A genome-based approach to study the mechanisms by which cell-wall type is defined and constructed by the collaborative actions of cell-wall-related enzymes

Kazuhiko Nishitani

    Research output: Contribution to journalArticlepeer-review

    19 Citations (Scopus)

    Abstract

    The cellulose/xyloglucan framework underpins the cell wall of most flowering plants, and the processes of construction and restructuring of this framework are considered to be mediated by several different classes of enzymes such as cellulose synthetases, β-1,4 glucanases, xyloglucan endotransglucosylases/hydrolases (XTH) and expansins.
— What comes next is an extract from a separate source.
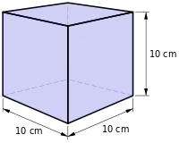 တစ် လီတာ သည် အလျားတစ်ဘက်တွင် ၁၀ စင်တီမီတာ စီ ရှိသော ဤသေတ္တာ ၏ ထုထည် နှင့် ညီမျှသည်။

The Arabidopsis sequencing project has revealed that these enzymes are encoded, without exception, by large multi-gene families. Comprehensive expression-analyses of the XTH gene family, as assisted by real-time RT-PCR procedure, have revealed that each member of the gene family exhibits an expression profile distinct from the other members. The results obtained thus far support the idea that each member of the XTH gene family is regulated specifically by different sets of plant hormones and is committed to a certain specific process in a specific tissue, at specific stages of development. Based on these considerations, we advance a hypothesis that the cell wall in a certain cell-type is constructed, maintained and restructured by a series of collaborative actions of a set of enzymes that are characteristic of the cell-wall type. This hypothesis assumes that a master gene, specific for each cell type, conducts a set of enzymes required for certain types of cell-wall structure and, thereby, defines the cell-wall type and, hence, cell type, during the process of plant development.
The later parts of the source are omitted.